Taking Care of Your Thyroid Health

Your body is home to a system of glands that control virtually every aspect of your health by producing hormones. From your mood to your body temperature, everything is controlled by these hormones. One vital gland in this vast network is your thyroid. Taking care of this tiny gland can be key to feeling your best.

Taking Care of Your Thyroid Health

What Your Thyroid Does For You

Your thyroid is a small gland that is located in the front of your neck and is responsible for the production of hormones that control numerous functions within your body. It takes iodine from the food that you eat to produce two hormones: triiodothyronine (T3) and thyroxine (T4). These hormones, when released into the bloodstream, are responsible for controlling the metabolism (energy) of your body’s cells.
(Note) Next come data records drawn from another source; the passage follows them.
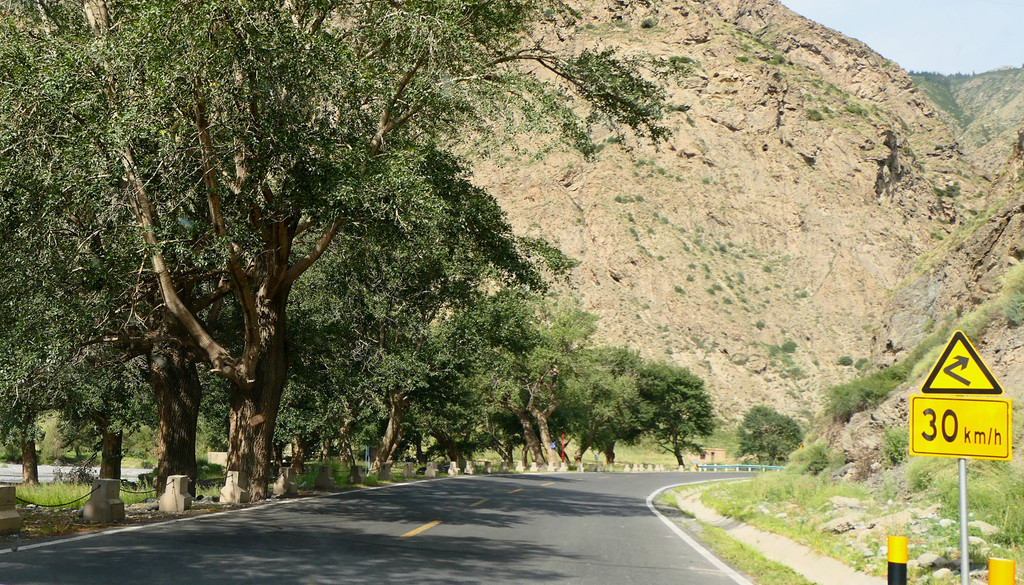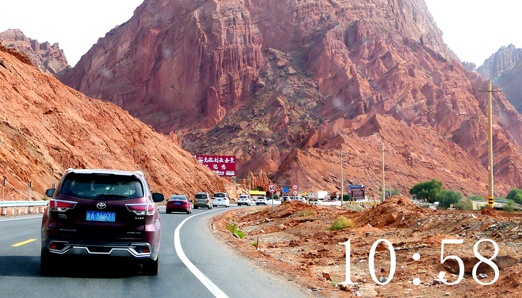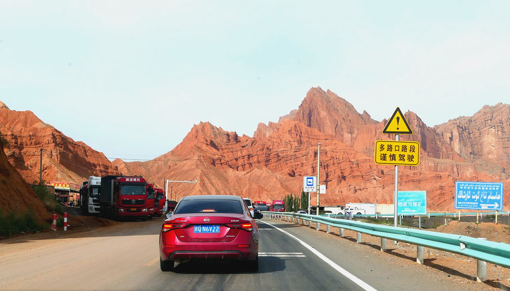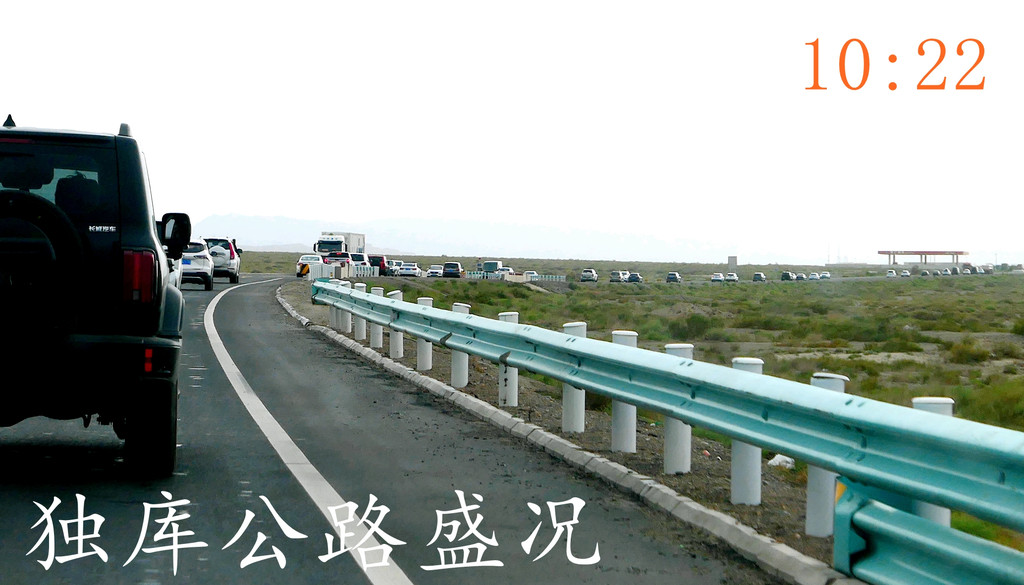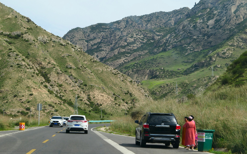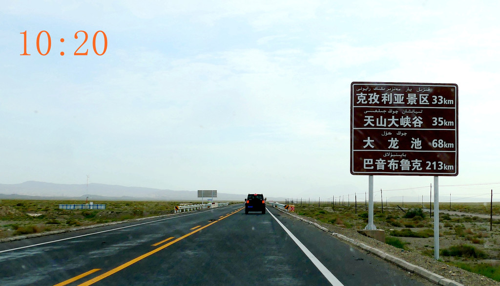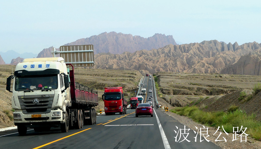 虽说已抵天山腹地,但此刻所见还大多都是平原,也有一些山岭,但普遍都不算太高。道路也是十分平直,车来车往络绎不绝,盛况堪比大城市中的繁华马路。有些路段道路笔直,又遇上坡,远远望去就好似波浪公路)。
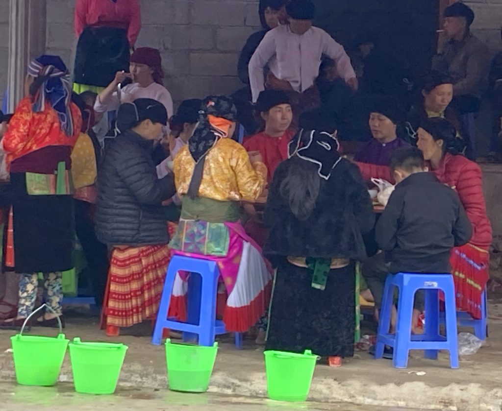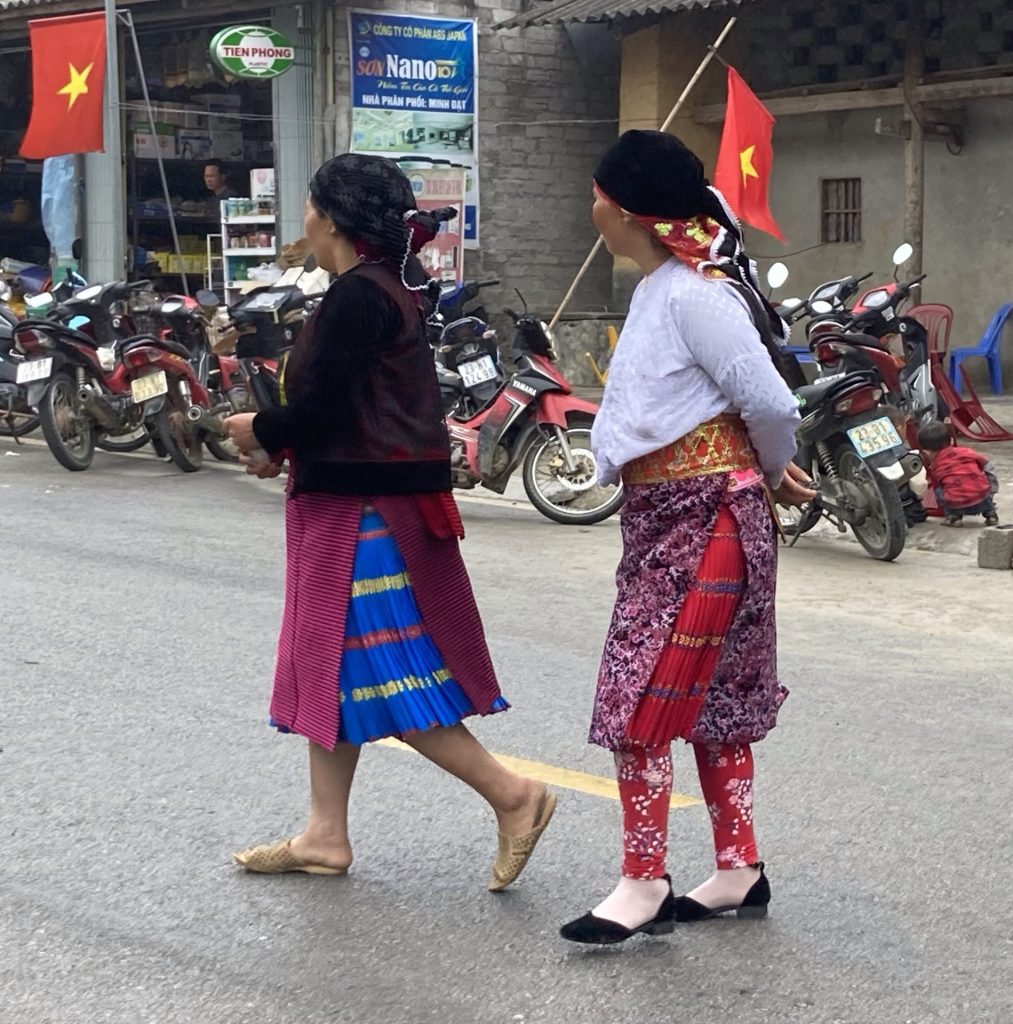 D’eux d’entres quittent une des tables et traversent la route. Les Hmong (ou Mong ou Miao en vietnamien)sont un groupe ethnique d’Asie du Sud, présent au Sud de la Chine, et au Nord de tous les pays de l’Indochine au sein d’une région appelée Zomia. Ils sont plus d’un million à vivre dans les montagnes du nord de la Thaïlande – j’étais déjà allé dans un village Hmong au-dessus de Chiang Mai – , du Laos et du Vietnam. L’ethnie Hmong est divisée en groupuscules locaux nommés par des couleurs (blanc, fleur, rouge, noir, vert et miao) qui se rapportent à leur vêtement.
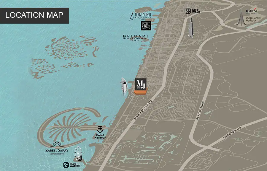 The development is close to the Dubai area, which offers a good and large supply of trendy and boutique shopping malls. You can lead a beautiful pleasant lifestyle while enjoying the beautiful view of the beach surrounded by hotels and cafes.
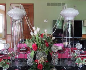 “Diamonds Are A Girl’s Best Friend – 60th Birthday Ladies Luncheon”, www.tabletwentyone.wordpress.com – Ladies luncheon in pink black & white with glamorous Marilyn Monroe/Gentlemen Prefer Blondes vibe – Centerpiece with crystal garland
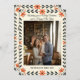 This Folk Art Christmas Photo Holiday Card features a stylish, dark grey and terracotta orange design with a cream background, offering a fresh, contemporary take on winter greetings.
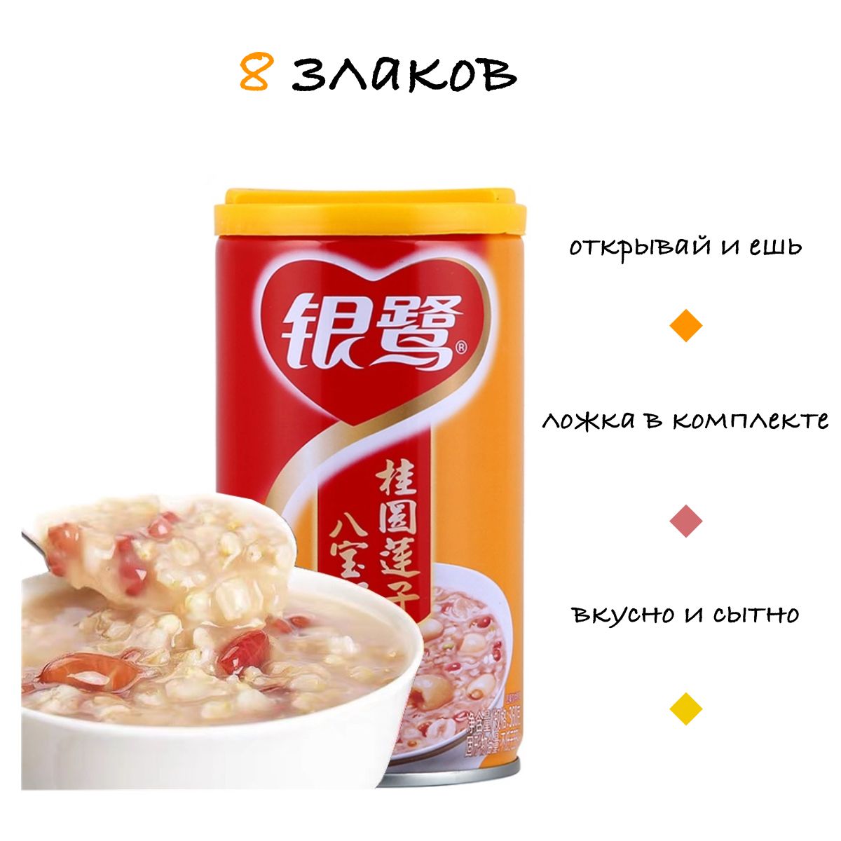 Состав: вода, сахар, клейкий рис, ячмень, бобы адзуки, красная фасоль, арахис, лонган, семена лотоса, тремелла, сложные эфиры жирных кислот сахарозы, стабилизатор, регулятор кислотности, соль.

Think of all the processes in your body that require energy — for example, your heart needs energy in order to beat properly, and your stomach uses it in order to digest food properly. Thus, when your thyroid is not working the way it should, numerous other systems are affected. If your thyroid produces too many hormones, your heart rate goes up, you lose a lot of weight, and you can feel constant anxiety. If your thyroid doesn’t produce enough hormones, then you gain weight easily, feel more fatigued, and are more sensitive to cold.

Your thyroid plays an important role in your overall health and, therefore, deserves your attention. Don’t wait until you have problems to take care of it. There are simple things you can do to maintain or improve your thyroid health.

What You Can Do For Your Thyroid

For many people, small changes to lifestyle and diet can play a major role in improving thyroid health. If you feel that your thyroid may not be performing at quite the level you need it to, you may benefit from some of these simple changes.

  1. Exercise regularly. Put on your sneakers and timer, and get moving. It doesn’t take much to make a noticeable difference for your thyroid. Simply getting yourself moving for 30-60 minutes at least four days a week can stimulate your thyroid.
  2. Avoid foods that aren’t good for thyroid health. Your thyroid needs iodine. Certain foods will block your body’s absorption of iodine and leave your thyroid begging for more. If you have problems with hypothyroidism (under active thyroid), it’s best to avoid such foods as broccoli, kale, cabbage, and cauliflower (especially in raw form).
  3. Maintain healthy levels of vitamin D. Researchers have found that a lack of vitamin D can leave your thyroid susceptible to injury. If you are not getting enough vitamin D, then consider eating more foods rich in vitamin D (milk, fish, meat) or taking a supplement.
  4. Eat healthy fats. Fats help your body to use key vitamins in the foods that you eat. They also aid in the production of hormones. The kinds of fats that you eat are crucial to thyroid health. Saturated fats work to counteract the effects of hypothyroidism. They have been shown to improve your body’s insulin response, which aids in maintaining balanced blood sugar levels and reducing stress hormones. Stick to foods like natural butter, coconut oil, and meat from grass-fed animals. Other healthy sources of fat include olive oil, avocado, and fish.
  5. Reduce the amount of perfume you wear on your neck. What you put on your skin gets absorbed into your body. Many perfumes are filled with harsh chemicals that, when applied to the neck, are mostly absorbed into the thyroid. For optimal thyroid health, it is best choose perfumes that don’t have chemicals in them, such as ones containing essential oils.

By implementing these straightforward lifestyle changes, you can improve the quality of your thyroid health and save yourself from problems down the road. Your thyroid is an essential part of your body’s health and well-being. Treat it right and it will return the favor.